• _What you should do_
Of the records that follow, copy only the lines from the line containing "Vị trí các phím" to the line containing "字段名 数据类型 说明", both included, exactly as written.

##### Data for processing

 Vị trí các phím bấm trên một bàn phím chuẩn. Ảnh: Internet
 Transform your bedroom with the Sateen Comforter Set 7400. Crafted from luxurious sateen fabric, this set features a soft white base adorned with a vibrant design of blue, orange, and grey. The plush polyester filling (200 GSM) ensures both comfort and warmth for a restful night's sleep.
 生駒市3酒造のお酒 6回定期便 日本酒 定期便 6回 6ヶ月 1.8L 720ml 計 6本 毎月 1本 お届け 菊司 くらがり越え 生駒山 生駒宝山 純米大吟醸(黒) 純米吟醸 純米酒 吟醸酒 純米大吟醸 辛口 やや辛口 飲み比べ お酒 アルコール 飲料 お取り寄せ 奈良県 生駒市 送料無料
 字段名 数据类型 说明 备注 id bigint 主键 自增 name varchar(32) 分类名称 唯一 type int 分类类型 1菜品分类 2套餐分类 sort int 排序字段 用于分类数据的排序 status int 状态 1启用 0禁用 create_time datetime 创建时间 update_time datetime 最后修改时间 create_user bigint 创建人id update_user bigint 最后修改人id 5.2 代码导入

##########
##### Data for processing

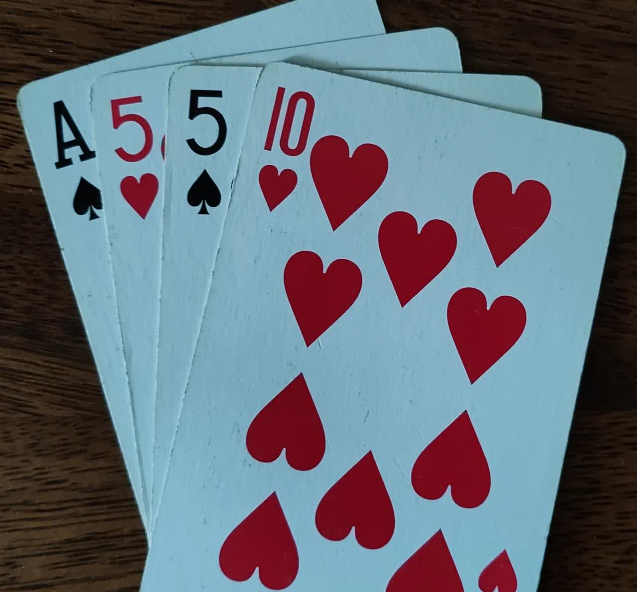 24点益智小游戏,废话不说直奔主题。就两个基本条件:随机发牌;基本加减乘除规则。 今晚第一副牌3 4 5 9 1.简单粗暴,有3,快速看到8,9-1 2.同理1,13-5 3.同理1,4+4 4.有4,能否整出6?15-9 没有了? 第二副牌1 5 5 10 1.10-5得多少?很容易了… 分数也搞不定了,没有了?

##########
##### Data for processing

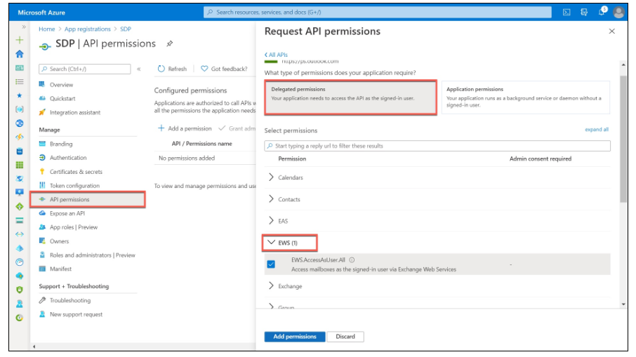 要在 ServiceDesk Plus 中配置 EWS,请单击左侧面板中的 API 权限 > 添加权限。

##########

• _Answer for the task_
 Vị trí các phím bấm trên một bàn phím chuẩn. Ảnh: Internet
 Transform your bedroom with the Sateen Comforter Set 7400. Crafted from luxurious sateen fabric, this set features a soft white base adorned with a vibrant design of blue, orange, and grey. The plush polyester filling (200 GSM) ensures both comfort and warmth for a restful night's sleep.
 生駒市3酒造のお酒 6回定期便 日本酒 定期便 6回 6ヶ月 1.8L 720ml 計 6本 毎月 1本 お届け 菊司 くらがり越え 生駒山 生駒宝山 純米大吟醸(黒) 純米吟醸 純米酒 吟醸酒 純米大吟醸 辛口 やや辛口 飲み比べ お酒 アルコール 飲料 お取り寄せ 奈良県 生駒市 送料無料
 字段名 数据类型 说明 备注 id bigint 主键 自增 name varchar(32) 分类名称 唯一 type int 分类类型 1菜品分类 2套餐分类 sort int 排序字段 用于分类数据的排序 status int 状态 1启用 0禁用 create_time datetime 创建时间 update_time datetime 最后修改时间 create_user bigint 创建人id update_user bigint 最后修改人id 5.2 代码导入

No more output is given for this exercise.